:: Material provided ::

++++++

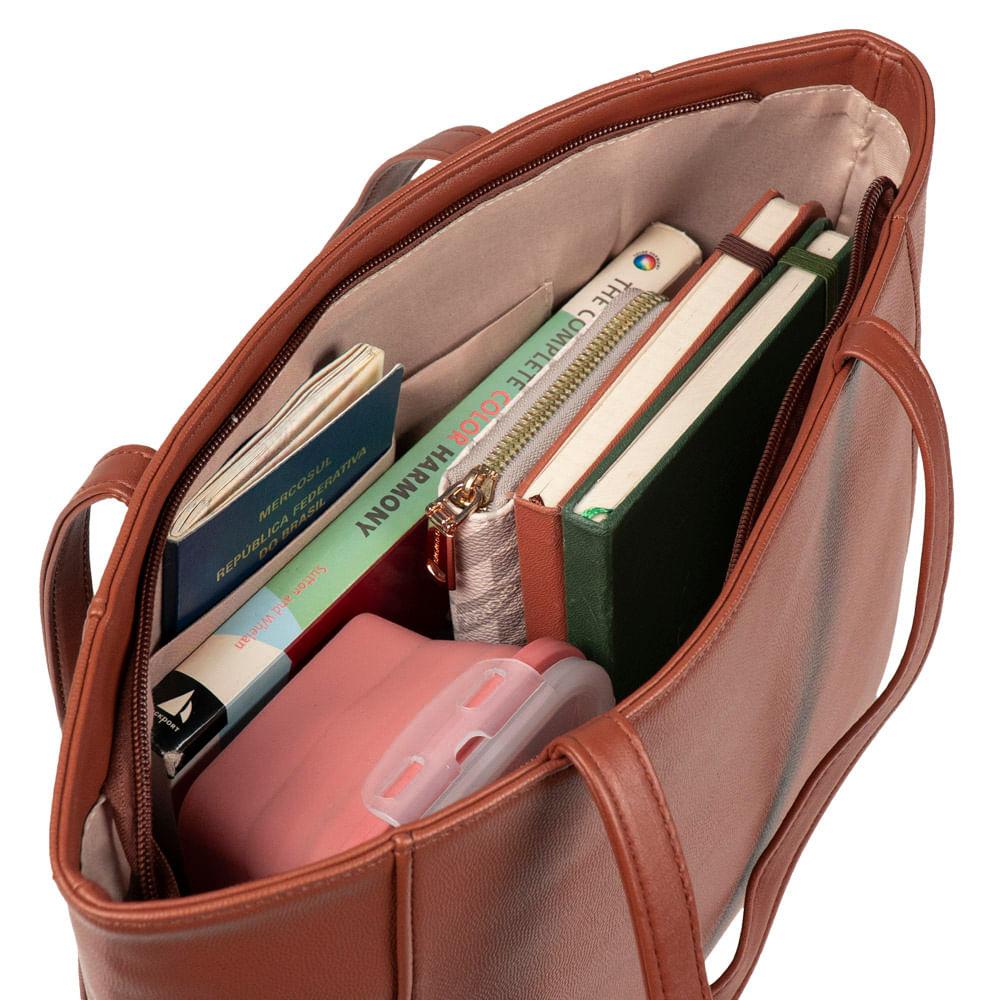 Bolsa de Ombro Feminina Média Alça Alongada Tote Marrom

++++++

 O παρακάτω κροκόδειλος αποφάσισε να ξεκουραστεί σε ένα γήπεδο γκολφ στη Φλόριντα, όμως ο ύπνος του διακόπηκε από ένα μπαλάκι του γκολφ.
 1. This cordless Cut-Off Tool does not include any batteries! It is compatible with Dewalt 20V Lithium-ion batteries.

++++++

:: What you need to do ::
From the data above, output exactly the lines between the one containing "O παρακάτω κροκόδειλος" and the one containing "1. This cordless", counting both of them.

:: Answer space ::
 O παρακάτω κροκόδειλος αποφάσισε να ξεκουραστεί σε ένα γήπεδο γκολφ στη Φλόριντα, όμως ο ύπνος του διακόπηκε από ένα μπαλάκι του γκολφ.
 1. This cordless Cut-Off Tool does not include any batteries! It is compatible with Dewalt 20V Lithium-ion batteries.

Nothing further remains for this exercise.